Ты, маленький, низенький, в сером весь,
Мой мертвый магистр, зачем ты здесь?
Безмолвно ко мне обращает он взгляд,
Трясет головой и уходит назад.
Косматый мой пес, ты скулишь неспроста!
Как ярко сверкают зрачки у кота!
К чему это женщины подняли вой?
О чем это нянька поет надо мной?
Нет, нянюшка, песенкам прежним конец,
Я нынче, ты знаешь, иду под венец;
Баюкать меня теперь ни к чему, -
Смотри-ка, и гости - один к одному!
Друзья, как любезно, не ждал никогда б! -
В руках у вас головы вместо шляп.
И вы, дрыгоножки, вы тоже пришли:
Что поздно сегодня сорвались с петли?
А вот на метле и старушка карга.
Благослови же родного сынка!
И ведьма, трясясь, выступает вперед;
"Аминь!" - произносит морщинистый рот.
Идут музыканты - к скелету скелет,
Слепая скрипачка пиликает вслед;
Явился паяц, размалеванный в прах,
С могильщиком на худых плечах.
Двенадцать монахинь ведут хоровод,
И сводня косая им тон задаст,
Двенадцать попов похотливых свистят
И гнусность поют на церковный лад.
А ты, старьевщик, надрываешься зря,
На что в преисподней мне шуба твоя!
Там есть чем топить до скончанья веков, -
Останками смертных - царей, бедняков.
Несносен горбатых цветочниц вой -
Знай, по полу носятся вниз головой.
Вы, рожи совиные, - без затей!
Оставьте!
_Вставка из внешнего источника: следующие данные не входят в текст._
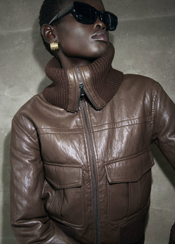 Leather effect. Crop design. Rolled neck. Long sleeves with elastic cuffs. Two patch pockets and front flap pockets. Ribbed neck, cuffs and hem. Front zipper closure. Inner lining
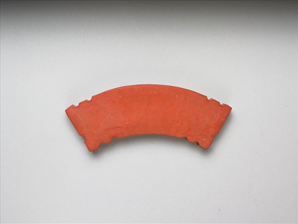 璜形硃墨,外廓有半圓形凹入,邊框起棱。墨之兩面均以回紋為地,並模印類如意、雲頭之花紋為飾。墨之側有「乾隆辛卯年製」(1771)、「御墨」填金款識,並模鈐「○佩」。

К чему этот хруст костей!
Поистине, с цепи сорвался ад.
Их больше и больше, визжат и гудят;
Вот вальс преисподней... Потише вы, эй!
Сейчас я увижусь с подругой моей.
Потише вы, сброд, или попросту прочь!
Себя самого мне расслышать невмочь.
Как будто подъехали к дому теперь?
Кухарочка! Что же! Открой им дверь!
Привет, дорогая! О, что за честь!
И пастор тут! Не угодно ли сесть?
Хоть вы с лошадиным копытом, с хвостом,
Я ваш, преподобный отец, целиком!
Любимая, что ты бледна, как мертвец?
Нас пастор сейчас поведет под венец;
Я кровью ему заплатил, это так,
Но плата, в сравненье с тобою, пустяк.
Колени склони, дорогая, со мной! -
Она на коленях - о миг неземной!
Прижалась ко мне - там, где сердце мое,
И в жутком восторге я обнял ее.
Я волнами локонов нежно обвит,
И сердце у сердца любимой стучит.
Стучат от блаженства и боли сердца
И к небу стремятся, к престолу творца.
Восторгом сердца беспредельным зажглись
И рвутся туда, где священная высь;
Но здесь, на земле, торжествует зло:
Нам ад возложил свою длань на чело.
Гнетущего мрака угрюмый сын
Свершает над нами венчания чин;
Кровавую книгу он держит в руках,
В молитве - кощунство, проклятье - в словах.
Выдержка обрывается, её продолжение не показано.